— What to produce —
Leaving out all pictures, copy the lines below exactly, from the line with "ManhattanManhattan is a" to the last line, both ends included.
[[ Supplied information, beginning ]]
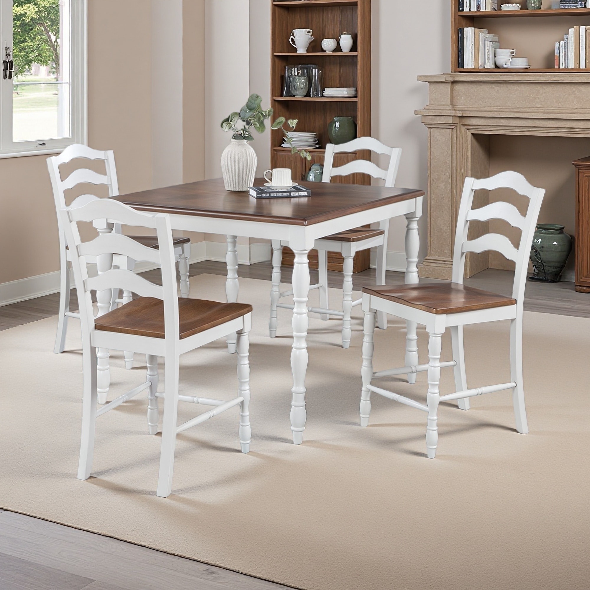Set of 5 Counter Height 42"L Dining Table, Natural Wood Grain Look, 4x High Chairs with Ladder Back Design, Modern Dining Set
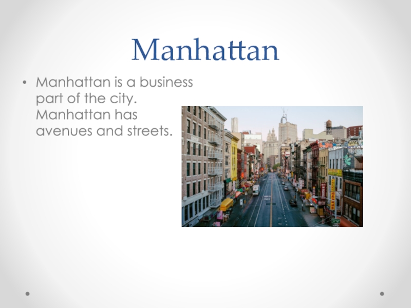 ManhattanManhattan is a business part of the city. Manhattan has avenues and streets.
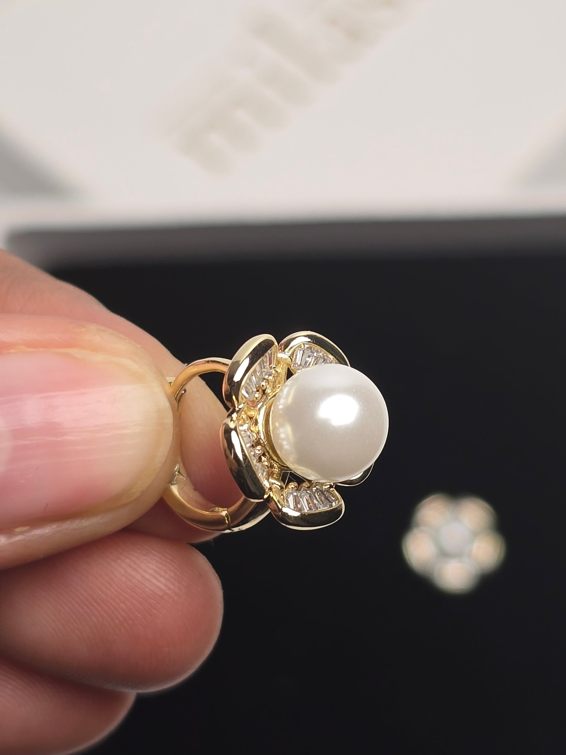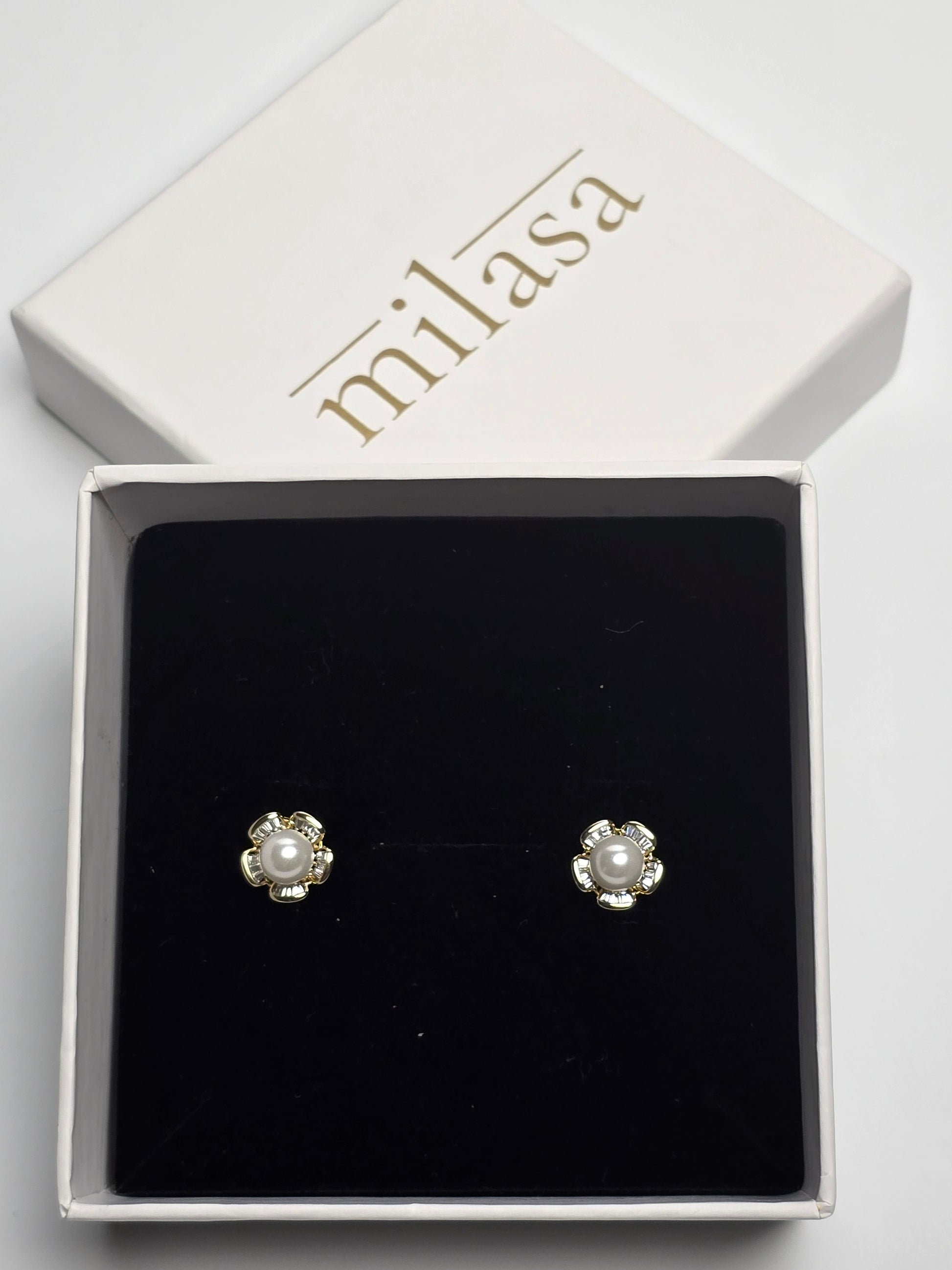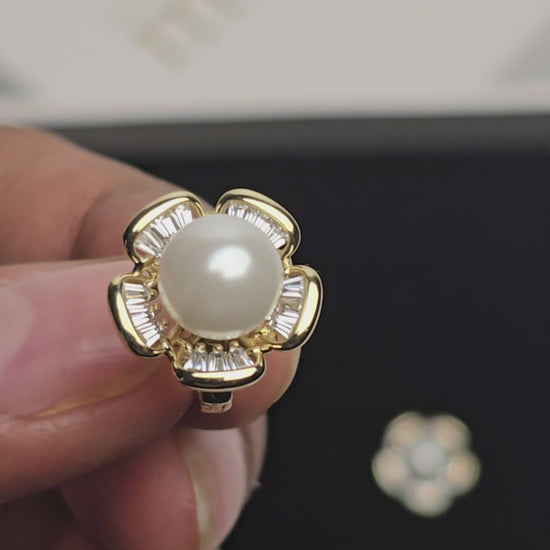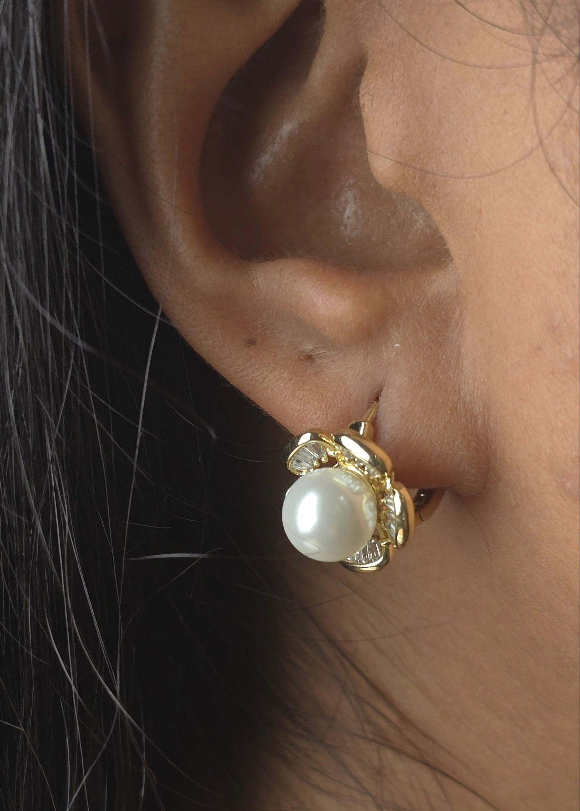 A luminous pearl sits at the center, embraced by crystal-detailed petals in a graceful huggie silhouette. Feminine, timeless, and crafted for all-day comfort — hypoallergenic and tarnish-free.
[[ Supplied information, end ]]
— Response for this exercise —
 ManhattanManhattan is a business part of the city. Manhattan has avenues and streets.
 A luminous pearl sits at the center, embraced by crystal-detailed petals in a graceful huggie silhouette. Feminine, timeless, and crafted for all-day comfort — hypoallergenic and tarnish-free.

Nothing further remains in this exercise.